На первом месте по звучности в слове телега находится сонорный звук л. Его наличие как бы намекает на эмоциональный подъем, при этом во второй и третьей строфах возникает некий особый ритм, в котором сонорных звуков уже 46 вместо 31 в первой и последней строфах.

Второй по звучности из трех согласных звук в телегег. Конечное его местоположение в слове как бы направляет нас к финальной строфе, где наблюдается некий эмоциональный спад. Но вместе с тем там формулируется афористичная мысль. Вот почему и там довольно много сонорных звуков — их 18.

Из сказанного следует, что в стихотворении Пушкина налицо устойчивая, традиционная предсказуемость названия по отношению к тексту.

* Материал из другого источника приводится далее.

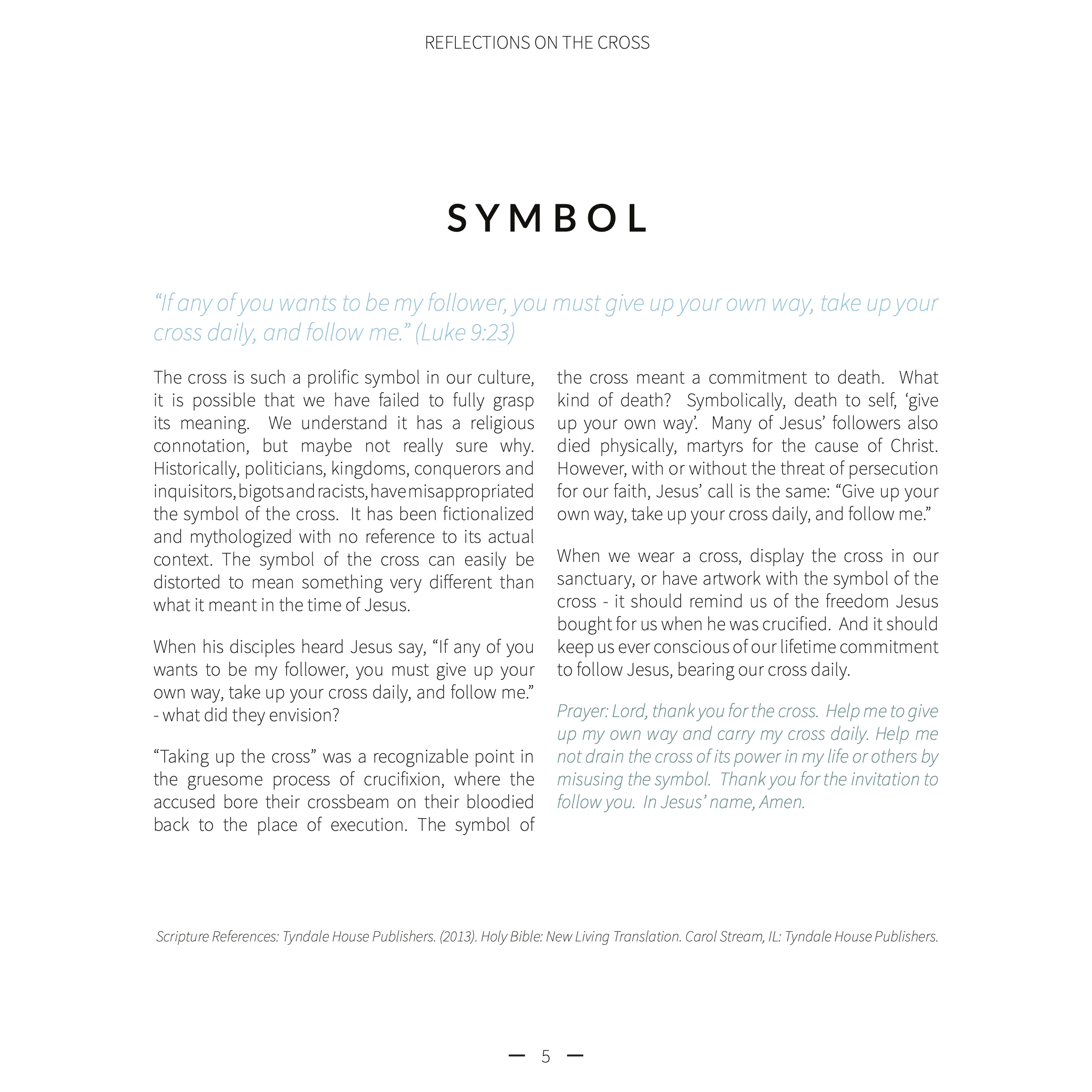 Prayer: Lord, thank you for the cross. Help me to give up my own way and carry my cross daily. Help me not drain the cross of its power in my life or others by misusing the symbol. Thank you for the invitation to follow you. In Jesus’ name, Amen.

Существенно, что Пушкин употребляет одну лексему: лошадь, а Высоцкий — другую: конь. Различие между конь — лошадь в русском языке связано с коннотацией этих двух слов. Дополнительный упор на кони у Высоцкого целенаправлен. Слово кони вызывает у читателя прежде всего темпоральные представления о скорости и стремительности. Оно неотделимо также от идеи легкости преодоления пространства. Однако в данном случае образы, которые появляются с понятием кони, усложняются определением привередливыекони; а также лексической иерархией глаголов во втором стихе первой строфы: стегаю, погоняю. На первый взгляд, сочетание кони привередливые построено по принципу смысловой противоположности, но это только кажется. Это сочетание, с одной стороны, ассоциативно противоречиво, а с другой — логически подчеркнуто. Такая двойственность связана с двуплановостью самого произведения В. Высоцкого.

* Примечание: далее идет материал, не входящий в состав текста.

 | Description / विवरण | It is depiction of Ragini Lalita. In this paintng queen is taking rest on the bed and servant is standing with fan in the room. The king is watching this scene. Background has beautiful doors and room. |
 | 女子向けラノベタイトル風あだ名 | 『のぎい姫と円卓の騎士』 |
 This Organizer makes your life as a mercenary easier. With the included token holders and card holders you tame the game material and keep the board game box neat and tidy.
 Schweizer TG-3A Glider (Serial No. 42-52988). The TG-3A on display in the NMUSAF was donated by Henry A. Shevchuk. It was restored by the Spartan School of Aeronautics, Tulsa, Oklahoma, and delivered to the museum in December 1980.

Наличие двух видов строф даже формально обусловлено тем, что три из них — четверостишия, а три другие состоят из шести строк. Напрашивается уточнение: строфы шестистрочные выполняют функции припева. В тексте песни они могли бы быть записаны и как одна строфа-припев, но в данном случае, полагаю, речь идет не просто о повторяемом припеве, а о трех самостоятельных строфах, которые имеют определенные места в стихотворении. Каждый раз, когда звучит рефрен, меняется второй стих — соответственно во второй, четвертой и шестой строфах:

Вы тугую не слушайте плеть...
Не указчики вам кнут и плеть...
Умоляю вас вскачь не лететь...

В финальной шестистрочной строфе есть изменение и в четвертом стихе. Если до этого было:

И дожить не успел, мне допеть не успеть,

— то в последнем повторе разница хоть и мала, но смысл другой:

Коль дожить не успел, так хотя бы — допеть!

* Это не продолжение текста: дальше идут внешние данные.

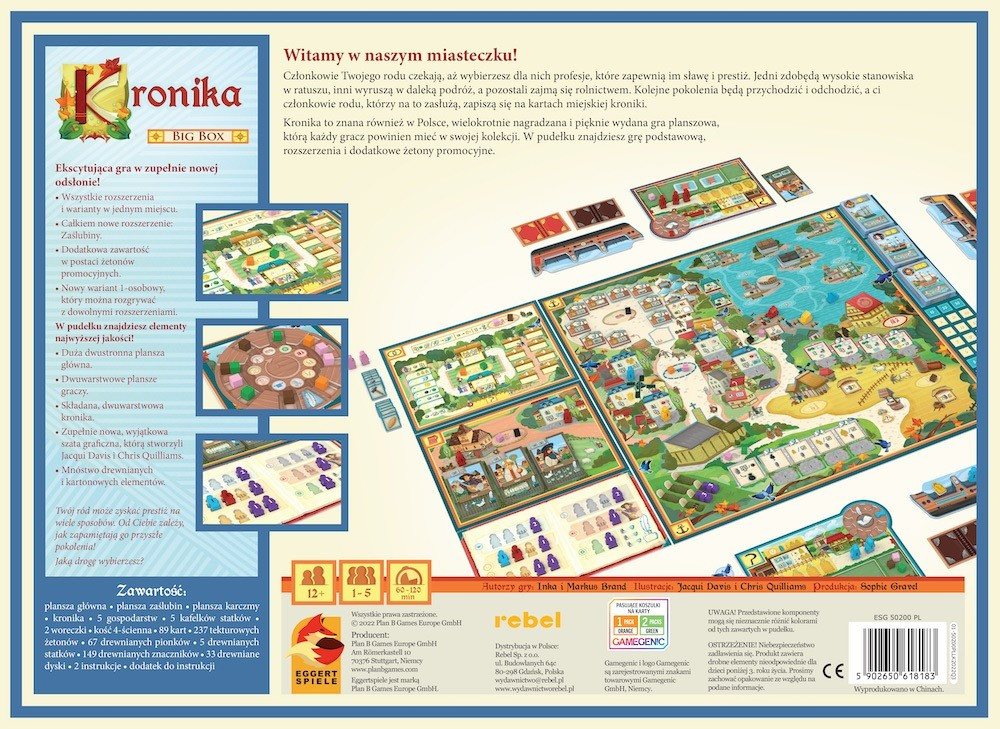 Kronika: Big Box to nowa edycja wielokrotnie nagradzanej i pięknie wydanej gry strategicznej. Podczas rozgrywek wcielamy się w przywódców rodów, rywalizujących o rozgłos i pozycję. Aby to osiągnąć, będziemy musieli obrać odpowiednią ścieżkę i umiejętnie wykorzystywać możliwości członków naszych rodów.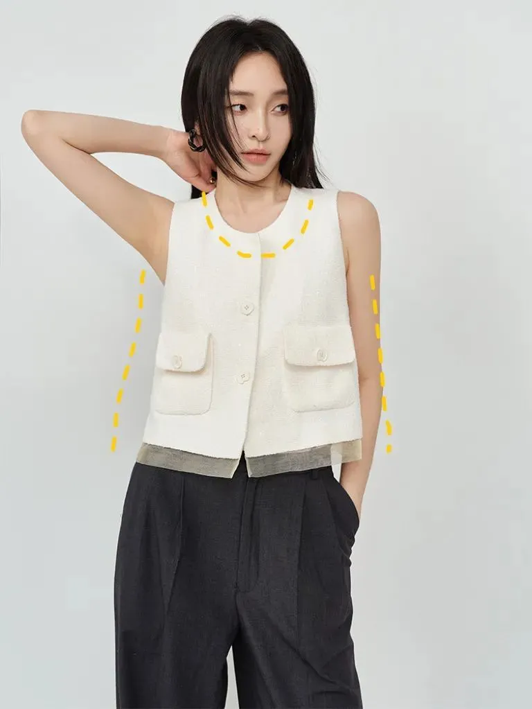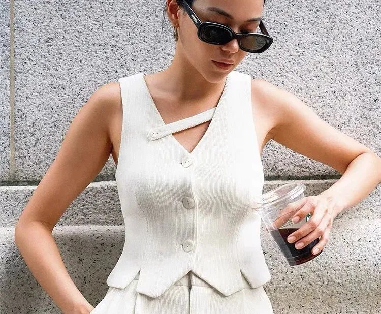 选择马甲的重点就是——V领+收腰,小圆领和宽松版型不便于后续叠搭,也不如V领显瘦。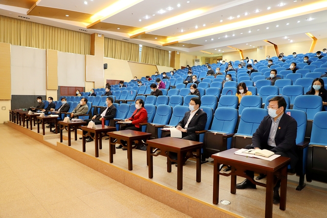 4月23日,学校在办公楼一楼报告厅召开2020年全面从严治党工作会议,校领导李明、管英俊、张潍华、孙宏伟、葛国文、刘军、田艳玲出席会议。党委书记李明在会议上作总结讲话,院长管英俊传达上级文件精神,党委副书记张潍华主持会议。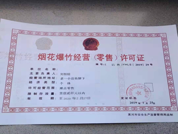 我们从厂家进口了一批烟花爆竹以后,本周又取得了销售许可证,为第二周的工作和下一阶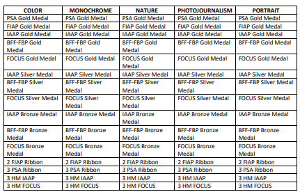 1、PSA、FIAP、IAAP金牌、银牌、铜牌、勋带奖及各种荣誉奖等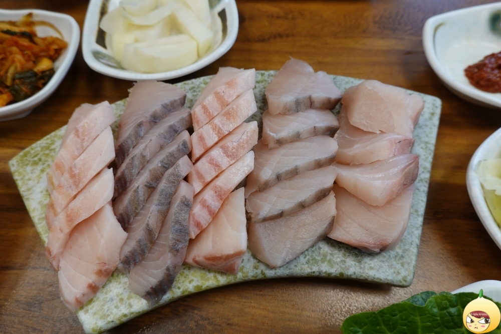 삼치회다. 활어는 아니고 선어회(숙성회)다. 삼치는 구이로만 먹었지만, 회는 처음이다. 때깔에 따라 부위가 다르다고 하고, 분명 어느 부위라고 들었는데 메모를 하지 않으면 기억이 삭제가 된다. 뱃살과 등살 부위라고 했던 거 같기도 하고 아닌 거 같기도 하고 모르겠다. 회를 처음 먹는 사람은 아니지만, 다른 회에 비해 삼치회는 엄청 두툼하다. 참, 일반 삼치는 아니고 회로 먹는 삼치는 주로 대삼치를 사용한다고 한다.

Обособление двух видов строф — шести- и четырехстрочных, а также то, что вторая и третья шестистрочные строфы являются вариантами первой, связано с основной темой и проблемой «Коней привередливых». Развитие темы идет главным образом в четырехстрочных строфах, а постановка экзистенциальной проблемы и ее решение сосредоточены в шестистрочных.

Первая строфа — это введение в тему через описание конкретной ситуации, имеющей свои временные — хронотопные — измерения. Характерно, что она состоит из двух сложных предложений, в составе которых простые предложения входят друг с другом в отношения паратаксиса. Бросаются в глаза повышенная глагольность (восемь глаголов) и усиленное употребление имен существительных (их девять). Эти особенности позволяют сделать вывод, что первая строфа имеет описательно — повествовательные (информационные) функции и, следовательно, роль ее в том, что она определяет и ведет тему.

Вторая строфа начинается с обращения, непосредственно соотносящегося с четвертой строкой, которая вводит лаконично сформулированную проблему: мне допеть не успеть... Акцент здесь падает на отрицание глаголов, обозначающее незаконченность действия. Пятый и шестой стихи шестистрочной строфы как бы стремятся замедлить события — и все это усиливает драматизм.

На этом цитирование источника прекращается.